This is the bet we made when we started AC.
We work with our customers to train specialized models to be on the pareto frontier.
Token costs are becoming one of the hottest topics for any enterprise I talk with right now. It’s very bullish for AI in general because it means these systems are being used at a scale that wasn’t contemplated before.
It also gives way to another form of differentiation that will emerge for the applied AI layer, which is model routing.
As tokens take on a significant amount of the cost of any given workflow, then companies will inevitably want to ensure that their dollars go into the most efficient use of tokens for the particular job at hand.
Frontier intelligence will always be relevant at the high end of tasks, like coding, legal and financial analysis, healthcare, and more. And dollars spent here will only go up over time. But, equally, you can peel off individual tasks to lower cost models (whether they’re from open weights vendors or the major labs) and deliver a more efficient end outcome.
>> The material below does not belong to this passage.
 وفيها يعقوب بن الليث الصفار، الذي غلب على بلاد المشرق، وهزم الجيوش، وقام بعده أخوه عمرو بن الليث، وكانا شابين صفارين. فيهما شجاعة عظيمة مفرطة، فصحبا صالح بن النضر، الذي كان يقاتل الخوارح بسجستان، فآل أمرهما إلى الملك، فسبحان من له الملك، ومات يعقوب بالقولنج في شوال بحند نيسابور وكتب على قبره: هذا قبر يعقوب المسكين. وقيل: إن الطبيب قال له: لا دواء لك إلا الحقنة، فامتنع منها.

To do this effectively, the applied AI layer needs to understand the workflows in their domain better than anyone else, and be able to mix and match models to different jobs. If you’re doing document extraction, you need to know which models perform better or worse for any given document type. If you’re legal analysis, you want to know which models perform various types of tasks best. And so on.
This will become one of the bigger differentiation points over time. The companies with the best evals, the best ability to route the workloads, and those that have business models directly aligned to customers financial goals, will be in a great position.